↓↓↓

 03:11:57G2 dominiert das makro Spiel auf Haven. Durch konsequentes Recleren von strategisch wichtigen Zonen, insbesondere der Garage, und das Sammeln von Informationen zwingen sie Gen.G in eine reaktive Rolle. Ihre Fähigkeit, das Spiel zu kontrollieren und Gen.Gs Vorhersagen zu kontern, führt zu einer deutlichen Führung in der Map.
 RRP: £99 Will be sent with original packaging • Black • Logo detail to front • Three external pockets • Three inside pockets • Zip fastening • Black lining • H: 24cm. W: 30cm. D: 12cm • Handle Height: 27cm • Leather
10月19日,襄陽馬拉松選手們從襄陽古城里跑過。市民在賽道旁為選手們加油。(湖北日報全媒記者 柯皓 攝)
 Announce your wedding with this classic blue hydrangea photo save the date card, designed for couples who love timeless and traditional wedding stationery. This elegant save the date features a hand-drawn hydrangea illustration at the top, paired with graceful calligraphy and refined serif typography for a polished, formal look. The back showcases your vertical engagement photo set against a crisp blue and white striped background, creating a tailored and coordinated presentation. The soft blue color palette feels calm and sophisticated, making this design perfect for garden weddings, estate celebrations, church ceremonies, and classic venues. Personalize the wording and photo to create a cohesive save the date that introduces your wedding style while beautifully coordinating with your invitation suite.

↑↑↑
↓↓↓

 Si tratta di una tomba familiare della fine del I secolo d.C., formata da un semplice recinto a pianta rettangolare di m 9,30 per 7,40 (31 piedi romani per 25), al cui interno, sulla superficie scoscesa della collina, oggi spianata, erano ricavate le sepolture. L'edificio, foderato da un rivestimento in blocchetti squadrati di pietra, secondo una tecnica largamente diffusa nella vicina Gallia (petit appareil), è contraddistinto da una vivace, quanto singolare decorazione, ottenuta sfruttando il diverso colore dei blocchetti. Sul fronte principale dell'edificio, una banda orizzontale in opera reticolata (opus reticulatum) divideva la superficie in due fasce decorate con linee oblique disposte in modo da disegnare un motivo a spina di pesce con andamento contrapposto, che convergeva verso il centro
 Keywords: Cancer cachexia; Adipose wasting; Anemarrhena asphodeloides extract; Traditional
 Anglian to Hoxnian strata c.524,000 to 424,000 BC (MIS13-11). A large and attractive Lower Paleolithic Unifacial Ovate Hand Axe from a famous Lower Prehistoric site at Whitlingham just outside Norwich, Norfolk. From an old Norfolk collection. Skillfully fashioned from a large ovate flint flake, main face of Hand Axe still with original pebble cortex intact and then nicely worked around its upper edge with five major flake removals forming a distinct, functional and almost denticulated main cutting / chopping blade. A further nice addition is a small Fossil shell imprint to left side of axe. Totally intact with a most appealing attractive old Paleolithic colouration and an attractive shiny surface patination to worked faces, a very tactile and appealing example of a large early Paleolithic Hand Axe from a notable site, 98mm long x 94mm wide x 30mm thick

↑↑↑

• EXERCISE GOAL
Could you set down, word for word, only the lines above from the line with "03:11:57G2 dominiert das" to the line with "10月19日,襄陽馬拉松選手們從襄陽古城里跑過。市民在賽道旁為選手們加油。(湖北日報全媒記者 柯皓 攝)", including both?

• OUTPUT BELOW
 03:11:57G2 dominiert das makro Spiel auf Haven. Durch konsequentes Recleren von strategisch wichtigen Zonen, insbesondere der Garage, und das Sammeln von Informationen zwingen sie Gen.G in eine reaktive Rolle. Ihre Fähigkeit, das Spiel zu kontrollieren und Gen.Gs Vorhersagen zu kontern, führt zu einer deutlichen Führung in der Map.
 RRP: £99 Will be sent with original packaging • Black • Logo detail to front • Three external pockets • Three inside pockets • Zip fastening • Black lining • H: 24cm. W: 30cm. D: 12cm • Handle Height: 27cm • Leather
10月19日,襄陽馬拉松選手們從襄陽古城里跑過。市民在賽道旁為選手們加油。(湖北日報全媒記者 柯皓 攝)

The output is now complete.